The interpretive choice. Each line item above is expressed as "X% additional energy input." That phrase admits two readings. Under the conservative (multiplicative) reading, each percentage represents a fractional increase in the operator's currently-metered energy input — so "5% winter heating" means 5% more energy in than the operator counts. Under the aggressive (additive-to-output) reading, each percentage represents energy consumed as a share of gross energy output, added directly to the input side of the ratio. Both are used in the EROI literature depending on context; boundary analyses that track industry-wide invisible inputs more often use the second. The summary waterfall in this document implicitly uses the second. The two readings bracket the real answer.
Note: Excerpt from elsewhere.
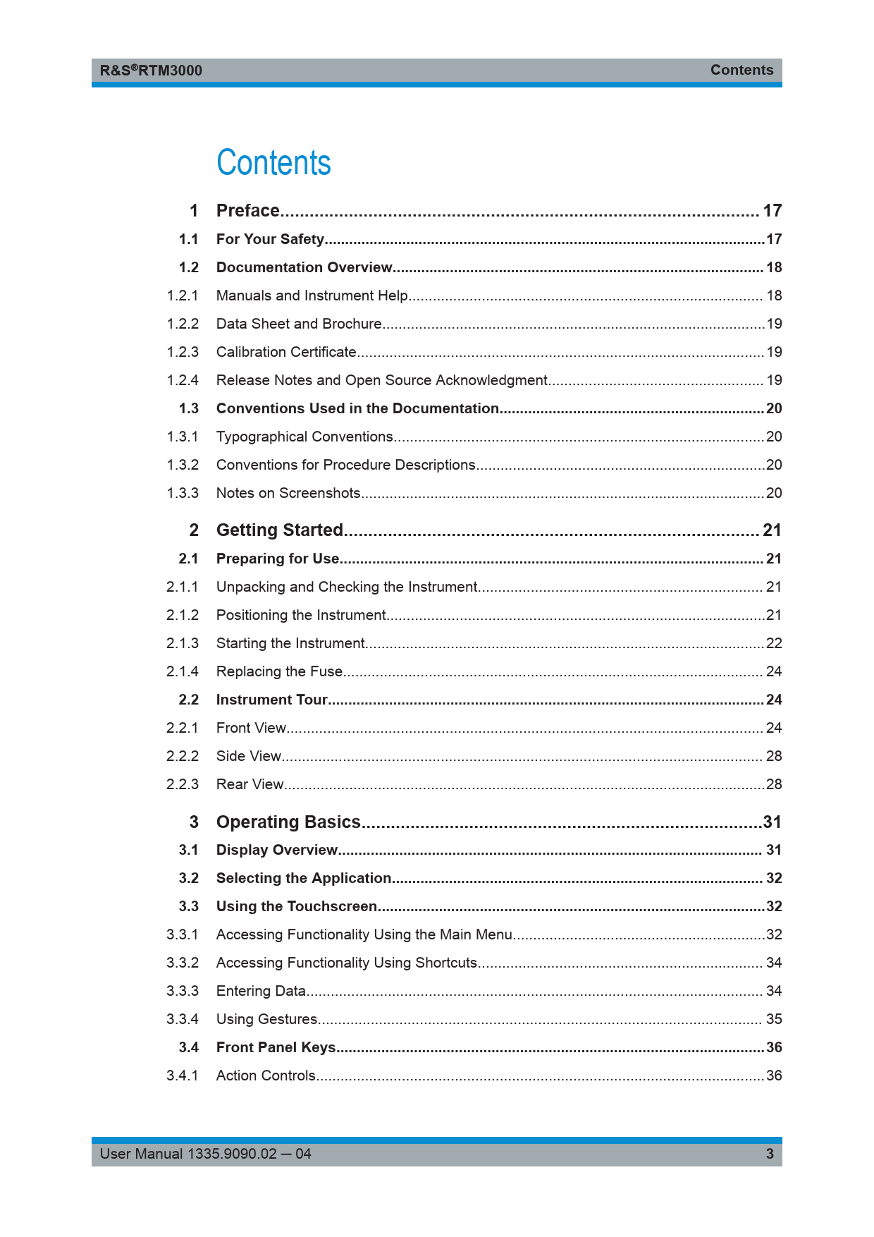 link to page 17 link to page 17 link to page 18 link to page 18 link to page 19 link to page 19 link to page 19 link to page 20 link to page 20 link to page 20 link to page 20 link to page 21 link to page 21 link to page 21 link to page 21 link to page 22 link to page 24 link to page 24 link to page 24 link to page 28 link to page 28 link to page 31 link to page 31 link to page 32 link to page 32 link to page 32 link to page 34 link to page 34 link to page 35 link to page 36 link to page 36 R&S ® RTM3000Contents Contents 1 Preface.. 171.1For Your Safety..171.2Documentation Overview... 18 1.2.1 Manuals and Instrument Help... 18 1.2.2 Data Sheet and Brochure..19 1.2.3 Calibration Certificate..19 1.2.4 Release Notes and Open Source Acknowledgment... 19 1.3Conventions Used in the Documentation...20 1.3.1 Typographical Conventions...20 1.3.2 Conventions for Procedure Descriptions...20 1.3.3 Notes on Screenshots...20 2 Getting Started... 212.1Preparing for Use.. 21 2.1.1 Unpacking and Checking the Instrument.. 21 2.1.2 Positioning the Instrument...21 2.1.3 Starting the Instrument..22 2.1.4 Replacing the Fuse... 24 2.2Instrument Tour...24 2.2.1 Front View... 24 2.2.2 Side View.. 28 2.2.3 Rear View..28 3 Operating Basics..313.1Display Overview.. 313.2Selecting the Application... 323.3Using the Touchscreen...32 3.3.1 Accessing Functionality Using the Main Menu..32 3.3.2 Accessing Functionality Using Shortcuts.. 34 3.3.3 Entering Data.. 34 3.3.4 Using Gestures... 35 3.4Front Panel Keys...36 3.4.1 Action Controls..36 User Manual 1335.9090.02 ─ 04 3 Document Outline Cover Contents 1 Preface 1.1 For Your Safety 1.2 Documentation Overview 1.2.1 Manuals and Instrument Help 1.2.2 Data Sheet and Brochure 1.2.3 Calibration Certificate 1.2.4 Release Notes and Open Source Acknowledgment 1.3 Conventions Used in the Documentation 1.3.1 Typographical Conventions 1.3.2 Conventions for Procedure Descriptions 1.3.3 Notes on Screenshots 2 Getting Started 2.1 Preparing for Use 2.1.1 Unpacking and Checking the Instrument 2.1.2 Positioning the Instrument 2.1.3 Starting the Instrument 2.1.4 Replacing the Fuse 2.2 Instrument Tour 2.2.1 Front View 2.2.1.1 Input Connectors 2.2.1.2 Other Connectors on the Front Panel 2.2.2 Side View 2.2.3 Rear View 3 Operating Basics 3.1 Display Overview 3.2 Selecting the Application 3.3 Using the Touchscreen 3.3.1 Accessing Functionality Using the Main Menu 3.3.2 Accessing Functionality Using Shortcuts 3.3.3 Entering Data 3.3.4 Using Gestures 3.4 Front Panel Keys 3.4.1 Action Controls 3.4.2 Analysis Controls 3.5 Using the Toolbar 3.6 Quick Access 3.7 Menu History 3.8 Getting Help 4 Waveform Setup 4.1 Connecting Probes and Displaying a Signal 4.2 Adjusting Passive Probes 4.3 Vertical Setup 4.3.1 VERTICAL Controls 4.3.2 Short Menu for Analog Channels 4.3.3 Vertical Settings 4.3.4 Probe Settings for Probes with BNC Connector 4.3.5 Probe Settings for Probes with Rohde & Schwarz Interface 4.3.5.1 Active Broadband Single-Ended Probes 4.3.5.2 Active Broadband Differential Probes 4.3.5.3 Current Probes 4.3.5.4 High-Voltage Differential Probes 4.3.5.5 Power Rail Probes 4.3.6 Threshold Settings 4.3.7 Label Settings 4.4 Horizontal Setup 4.4.1 HORIZONTAL Controls 4.4.2 Shortcuts for Horizontal Settings 4.4.3 Horizontal Settings 4.5 Acquisition Setup 4.5.1 Shortcuts for Acquisition Settings 4.5.2 Acquisition Settings 5 Trigger 5.1 Trigger Controls 5.2 Shortcuts for Trigger Settings 5.3 General Trigger Settings 5.4 Edge Trigger 5.5 Edge A/B Trigger 5.6 Width Trigger 5.7 Video Trigger 5.8 Pattern Trigger 5.9 Runt Trigger 5.10 Rise Time Trigger 5.11 Timeout Trigger 5.12 Trigger Out Signal 6 Waveform Analysis 6.1 Zoom 6.1.1 Zooming in 6.1.2 Modifying the Zoom 6.1.3 Zoom Settings 6.2 Mathematics 6.2.1 Configuring Math Waveforms 6.2.2 Math Waveform Settings 6.2.3 Saving and Loading Formularies 6.3 Reference Waveforms 6.3.1 Using References 6.3.2 Settings for Reference Waveforms 6.4 History and Segmented Memory (Option R&S RTM-K15) 6.4.1 Segmented Memory 6.4.2 Activating the History 6.4.3 History Settings 6.4.4 Segment Table and History Player 6.4.5 Exporting History Data 6.4.5.1 Saving History to File 6.4.5.2 File Organization and Content 6.5 Search 6.5.1 Search Conditions and Results 6.5.2 General Search Settings 6.5.3 Edge Search 6.5.4 Width Search 6.5.5 Peak Search 6.5.6 Rise/Fall Time Search 6.5.7 Runt Setup 6.5.8 Data2Clock 6.5.9 Pattern Search 6.5.10 Window Search 7 Measurements 7.1 Quick Measurements 7.2 Automatic Measurements 7.2.1 Measurement Results 7.2.2 Measurement Types 7.2.2.1 Horizontal Measurements (Time) 7.2.2.2 Vertical Measurements (Amplitude) 7.2.2.3 Counting 7.2.3 Settings for Automatic Measurements 7.3 Cursor Measurements 7.3.1 Cursor Settings 8 Applications 8.1 Mask Testing 8.1.1 About Masks and Mask Testing 8.1.2 Using Masks 8.1.3 Mask Window 8.1.4 Mask Menu 8.2 FFT Analysis 8.2.1 FFT Display 8.2.2 Performing FFT Analysis 8.2.3 FFT Setup 8.2.3.1 Short Menu for FFT 8.2.3.2 FFT Settings in the Spectrum Window 8.2.3.3 FFT Menu 8.3 Spectrum Analysis and Spectrogram (Option R&S RTM-K18) 8.3.1 FFT Menu with R&S RTM-K18 8.3.2 Spectrum Mode 8.3.3 Spectrogram 8.3.4 Peak List and Markers 8.3.4.1 Marker Menu 8.3.4.2 Peak Setup 8.3.4.3 R-Marker Settings 8.3.5 Display Settings for Spectrum and Spectrogram 8.4 XY-Diagram 8.5 Digital Voltmeter 8.5.1 Using the Meter 8.5.2 Meter Settings 8.6 Trigger Counter 9 Documenting Results 9.1 Saving and Loading Instrument Settings 9.2 Saving Waveform Data 9.2.1 Waveform Export Settings 9.2.2 Waveform File Formats 9.2.2.1 CSV Format 9.2.2.2 TXT Format 9.2.2.3 BIN Format 9.2.2.4 FLT Format 9.2.2.5 TRF Format 9.3 Annotations 9.4 Screenshots 9.5 Quick Save with OneTouch 9.6 Export and Import 10 General Instrument Setup 10.1 Instrument Settings 10.2 Display Settings 10.3 Reset 10.4 Locking the Touchscreen 10.5 Performing a Self-Alignment 10.6 Setting the Data, Time and Language 10.7 Options 10.7.1 Activating Options 10.8 Updating the Firmware 11 Network Connect

| Step | Mining (start 5:1) | SAGD (start 4:1) |
|---|---|---|
| Published EROI → implied energy input share | 20% of gross output | 25% of gross output |
| Contractor/subcontractor subtotal (winter heat 4%, gensets 3%, heavy equipment 1.5%, light vehicle 3%, worker transport 1.5%, camps 2.5%, aviation 0.75%, roads 1.5%) → midpoint 17.75% | — | — |
| Diluent loop midpoint | 7.5% | |
| Full downstream refining to usable fuel midpoint | 20% | |
| Decommissioning + embodied materials midpoint | 10.5% | |
| Total additional input (midpoint) | ~55.75% | |
| Conservative reading: new input = 20% × 1.5575 = 31.15% (mining); 25% × 1.5575 = 38.94% (SAGD) | ~3.2:1 | ~2.6:1 |
| Aggressive reading: new input = 20% + 55.75% = 75.75% (mining); 25% + 55.75% = 80.75% (SAGD) | ~1.3:1 | ~1.2:1 |
| Defensible central estimate (geometric mean of the two readings) | ~2.0:1 | ~1.8:1 |
What this shows. The summary waterfall's headline figure of 2–2.5:1 mining and 1.5–2:1 SAGD sits closer to the aggressive reading than the conservative one. Under the conservative reading alone, the full-system collapse is more modest — but still drops mining from 5:1 to roughly 3:1, and SAGD from 4:1 to roughly 2.5:1. Both of those conservative endpoints are already below the ~10–12:1 civilization threshold established by Hall, Lambert & Balogh. The qualitative conclusion — that honest boundary accounting places the oil sands below civilization-sustaining EROI — is robust to the interpretive choice. The specific numeric endpoints are not.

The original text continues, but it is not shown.